What’s Happening In The Other Room(s)?
Kluwer Mediation Blog
May 4, 2020
Please refer to this post as:, ‘What’s Happening In The Other Room(s)?’, Kluwer Mediation Blog, May 4 2020, http://mediationblog.kluwerarbitration.com/2020/05/04/whats-happening-in-the-other-rooms/
Mediation can be an intense experience for parties and their advisers. Often there is a lot on the line. In the substance there may be money, control, reputation, pride. In the process, there are challenges such as influencing other parties, getting the best deal possible, making well-informed judgment calls about risk, developing effective offers, and much more beyond.
To retain clear thinking in that context is a serious challenge. Very understandably, there is a tendency to get caught up in the bubble of one’s own thinking and strategizing. An early casualty of this can be a loss of perspective. Everything gets viewed from the single perspective of how it looks in that room, by those people, under those conditions, at that time.
I see this most obviously in two areas where parties make choices in mediations.
The first of these is joint meetings. One side may indicate that they do not wish to have any joint meetings, perhaps early on, or even at all. No doubt they will have their reasons, and they may be perfectly sound ones. However, rarely in the rationale do I find a serious analysis of the impact that such a move may or may not have on the other side.

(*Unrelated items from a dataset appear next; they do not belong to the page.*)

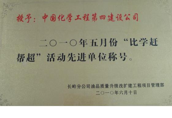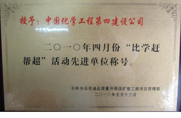 在隨后的“4.30”控制點和“5.20”控制點施工中,項目部精心組織施工、日夜奮戰、齊心協力,順利完成了這兩個控制點,贏得業主和監理的一致贊揚,在長煉樹立起四化建這面旗幟。在2010年4月,業主組織開展的“比學趕幫超”活動中,項目部從20多家參建單位中脫穎而出,榮獲了“文明工區獎”、“比學趕幫超活動先進單位”、“質量樣板”、“HSE先進工地”四個獎項。在2010年5月,項目部又再次榮獲“比學趕幫超”活動先進單位。在施工中,先后有付承、張治冬、丁振華、周葵花、肖小健和劉立新獲得業主授予的“優秀焊工”獎,朱文捷、李衛紅兩人獲業主授予的“HSE”先進個人。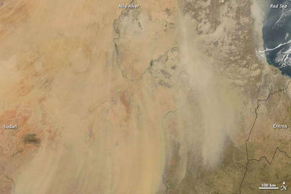 尼罗河蜿蜒向北流经苏丹,在苏丹境内向东绕了一个大圈,然后折回西边。上午,尼罗河的大部分仍然可以辨认,但到了下午,沙尘暴遮盖了尼罗河的大部分流域。红海上空的沙尘暴在下午也变厚,尽管西部的天空变得清晰了一点。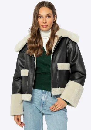 Wittchen Dames Kort Jasje met Imitatiebont Zwart Kunstleer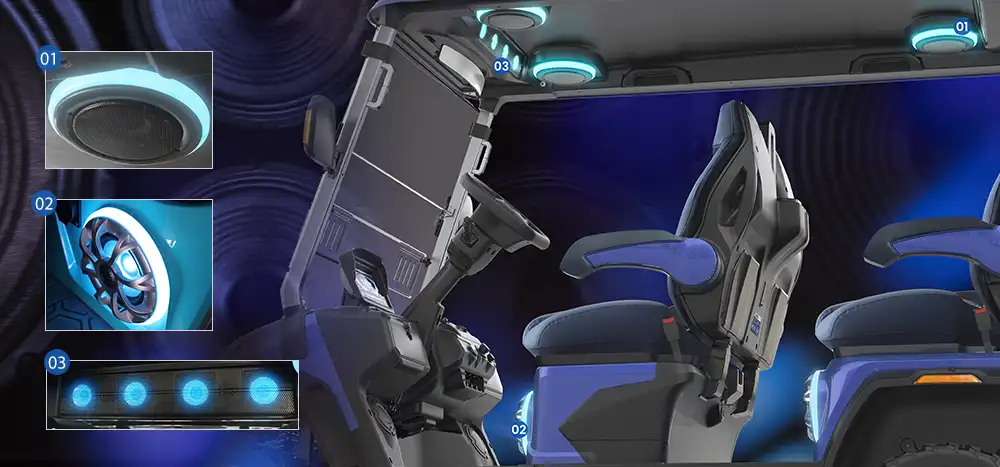 The D-Max XT4 features ergonomic, high-back bucket seats with marine-grade upholstery designed for durability and comfort. The cabin is spacious and elevated, offering great visibility and easy entry for all passengers. Optional rear cargo box or golf bag holder kits can convert the XT4 from a passenger cart to a practical utility vehicle. The dashboard layout is sleek, with automotive-inspired controls and a full-color digital instrument cluster displaying speed, battery percentage, and diagnostics.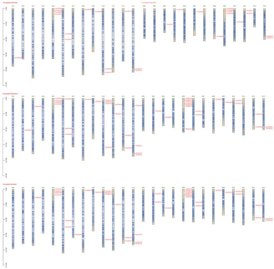 The chromosomal distribution information of the AHA genes was obtained from the cotton genome and was visualized via the TBtools software (version 2.118) [42]. The genome of Arabidopsis was downloaded from the TAIR database (https://www.arabidopsis.org/) (accessed on 15 August 2024). The collinear blocks of genes among the different cotton genomes and those within the Arabidopsis genome were analyzed via one-step MCScanX and visualized with the Dual Synteny Plot of TBtools software.

The second area is offers. Particularly first, or early, offers. The choice of what offer to make often appears to me to be a product mainly of that party’s assessment of its own case/risks, in the light of where it wishes to try to get to in the mediation. I have no difficulty with that. Indeed, I would expect that to form a serious part of the analysis. But I would ALSO expect the analysis to include an assessment of (or at least some thinking about) the impact the offer will have in the other room(s). This is not because, in keeping with many mediators, I have spent many hours coaxing the receiving party off the ceiling (or back into their room) in the wake of a challenging first offer. That is all part of a mediator’s job. Rather it is because, in order to be well-judged, offers need to have the right effect on both the making and the receiving parties. The desired effect on the receiving party does not necessarily need to be outright joy(!), but it should at least motivate them to engage as seriously as possible with the settlement process.
So when considering a move in a mediation – whether it be in relation to process (such as whether or not to meet with another party, etc) or to substance (such as the content of an offer) – I would encourage thinking not only about how it fits with that party’s own analysis, ambitions and strategy, but also how it is likely to be received, and what impact that may have on the discussions going forward. Some helpful questions which parties and advisers can ask themselves might include:
• How will this move look to the other parties?

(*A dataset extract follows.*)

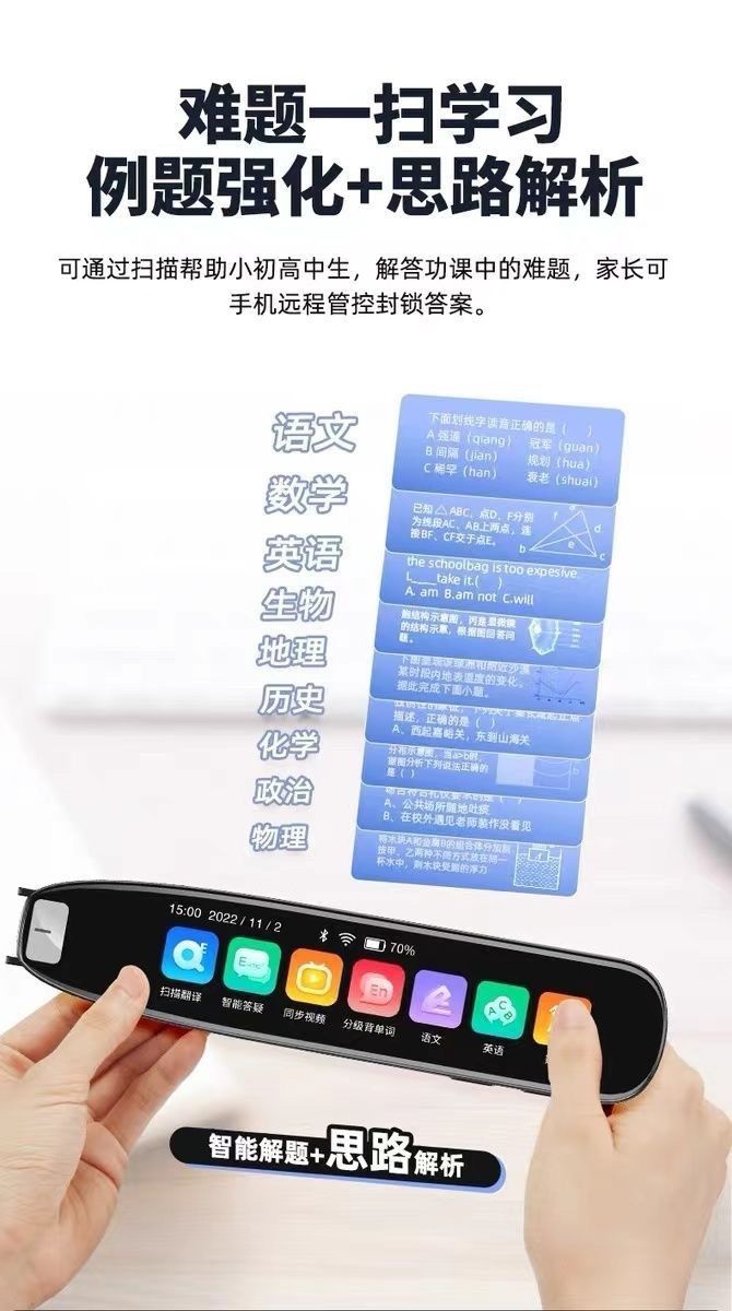 | ship version [white big screen] offline scanning + general practice learning(麒舰版【白色大屏幕】离线扫描+全科学习) | USD $37.71 | 99999 piece available |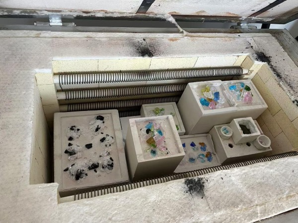 工作坊的最后阶段,学生们学习了如何准备铸造所需的玻璃材料,并进行模具填料的处理与温度曲线的设置。学员们亲自操作窑炉,调整温度曲线,确保玻璃铸件的稳定性与成品质量。在老师的指导下,学生们顺利完成了铸件的入窑与退火过程,尽管作品需要经过漫长的烧制与冷却过程才能完成,但每位学员都充满了期待,期待美丽作品的最终呈现。

• How are they likely to react? How might it influence their response? Is that the influence we wish to engender?
• How would it look to a notional bystander, watching these negotiations?
• What would my long-time friend/adviser (not involved in the mediation) think of it?

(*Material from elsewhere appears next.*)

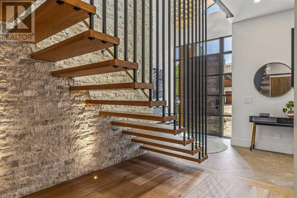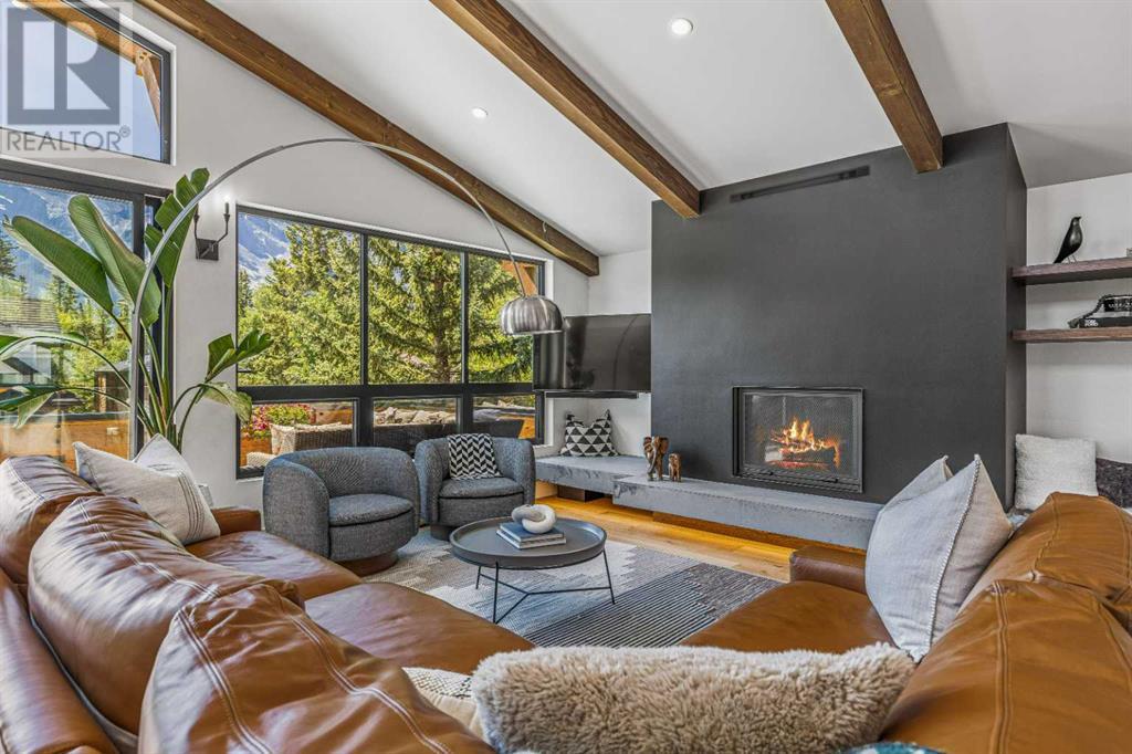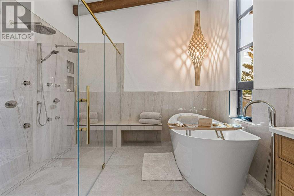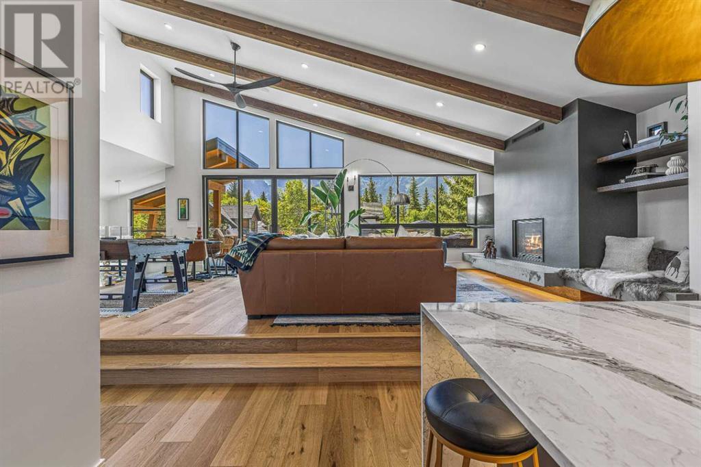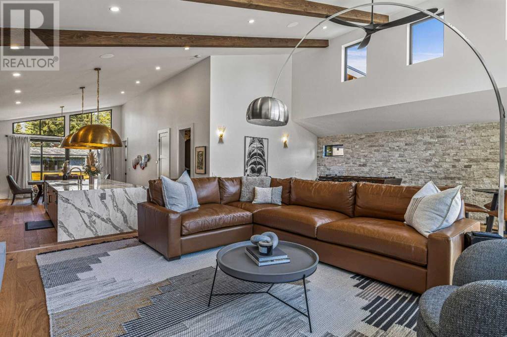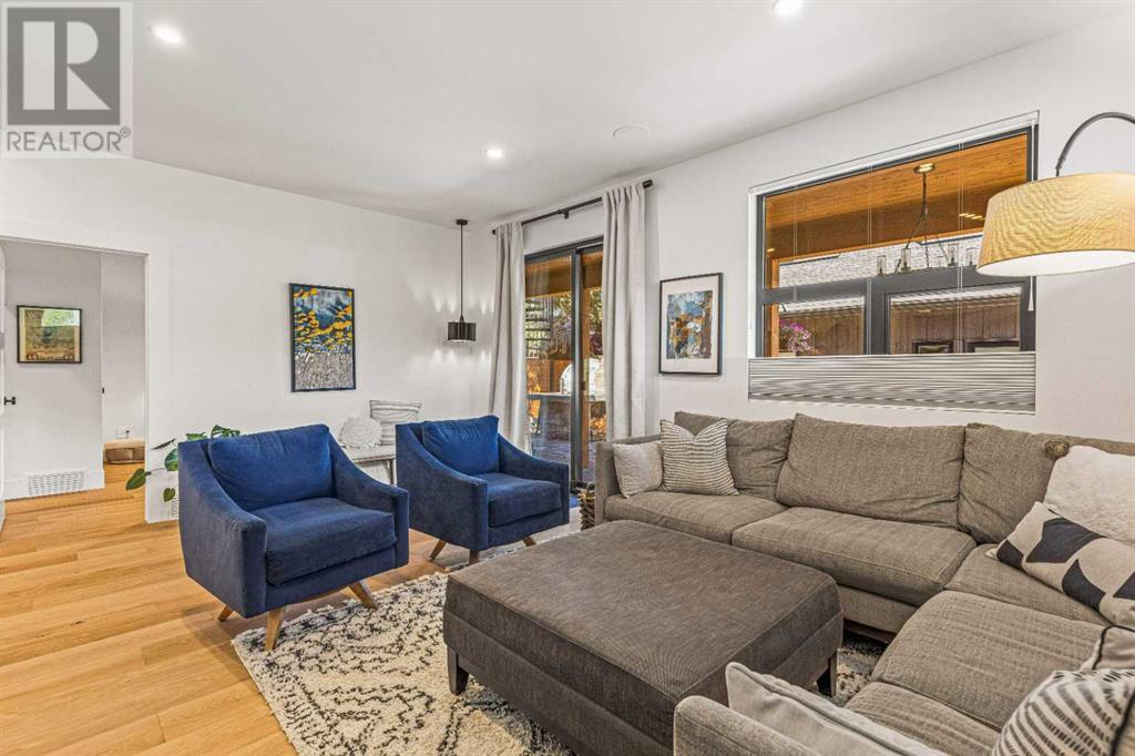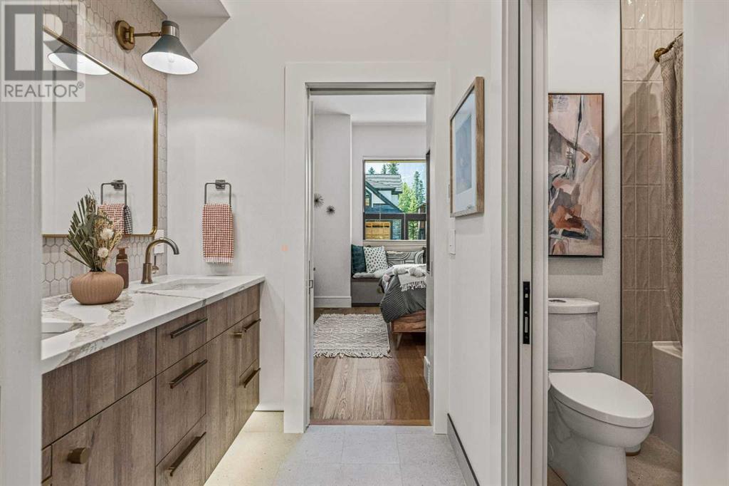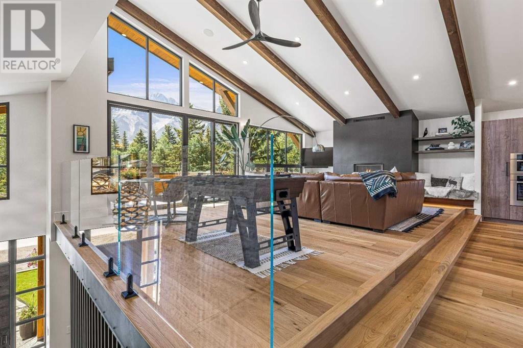Custom Crafted Home with Legal Carriage Suite! Meticulously curated with only the finest materials, this newly built 7-bedroom, 5.5 bath home is breathtaking! Designed with a large family in mind, the main floor features a gorgeous mud room, an office/den/guest room with King size murphy bed, 3 additional bedrooms with ensuites, laundry area and a family room with access to the backyard hot tub and pizza oven. Greeted by an 8’ solid fir door, a dramatic suspended staircase leads to an upper floor like no other. The top floor features an open concept kitchen/living/dining area, half bath and primary suite with a spa-inspired ensuite. View focused and shielded by 600 SF of privacy decks, the upper level is awe-inspiring with no shortage of panoramic mountain views. Design elements include artistic lighting by New Zealand Designer, David Trubridge, high-end lighting package including brass dome statement pendants from Restoration Hardware, marble feature wall, white oak hardwood floors throughout, custom walnut barn door and slat walls, stylish tiles, cabinetry by Bow Valley Kitchens, waterfall quartz countertops in the kitchen and primary ensuite, Miele appliances, LG WashTower, Hunter Douglas blinds, BC fir timber beams. Upgrades include heated bathroom floors, 6’ Bain Ultra air jet soaker tub with heated backrest, Legrand switches and outlets, a Sonos sound system, air conditioning, water softener, hot water on demand, a custom spiral staircase, and impressively, 1,500 SF of heated crawl space offering an enormous amount of storage. The heated garage further features a gear room, a flex space for a home gym or another guest bedroom with King size murphy bed and 3-piece ensuite. The detached garage can be used with a rental suite above or is ideal as a guest house, for the most discerning buyers. The legal Accessory Dwelling Unit (carriage suite) currently generates $2,500/month. Seller is a licensed Associate in the Province of Alberta. (id:22211)

• How does it look to the mediator? What reaction does the mediator think that move will produce, knowing as he/she does more about what is happening in the other rooms than we do?
• If we don’t want (eg) a joint meeting, might the other party want one? Why might they? Might we learn something from that? How might we try to ensure that we learn something? Might they gain something from it which they need in order to enable them to think about settlement, in which case why would we want to deprive them of that?
These simple questions are merely ways of benchmarking one’s own thinking against the potential reaction of others. They are, if you like, proxies for objectivity. And that, in both my opinion and my experience, makes them very important. If parties want to make good judgment calls in a mediation process, then there is nothing to fear from seeking to benchmark their decisions against other yardsticks.
Much of the above depends on mindset, and so I end with a final thought about mindset. I have often thought that the isolated immersion in their own perspective which parties often experience in mediation is borne of the assumption that there is nothing more to learn about the dispute. Dispute-weary protagonists have been around that particular carousel (of arguments, facts, risk analysis, etc) so many times, for so many years, that they cannot believe there is anything new which might emerge. This itself engenders a closing-in of views and perspectives, an assumption that the known position is all that there is, and hence there is nothing further to be learned. Parties with this mindset will often attend mediations wanting to inform the other parties – of the strength of their arguments and position – and with the underlying assumption that there is nothing more about which they could be informed.
Or, as my good friend and Canadian mediator colleague Cliff Hendler put it, we turn up wanting to “teach rather than to learn”.
And that, I suggest, may be the most dangerous mindset of all.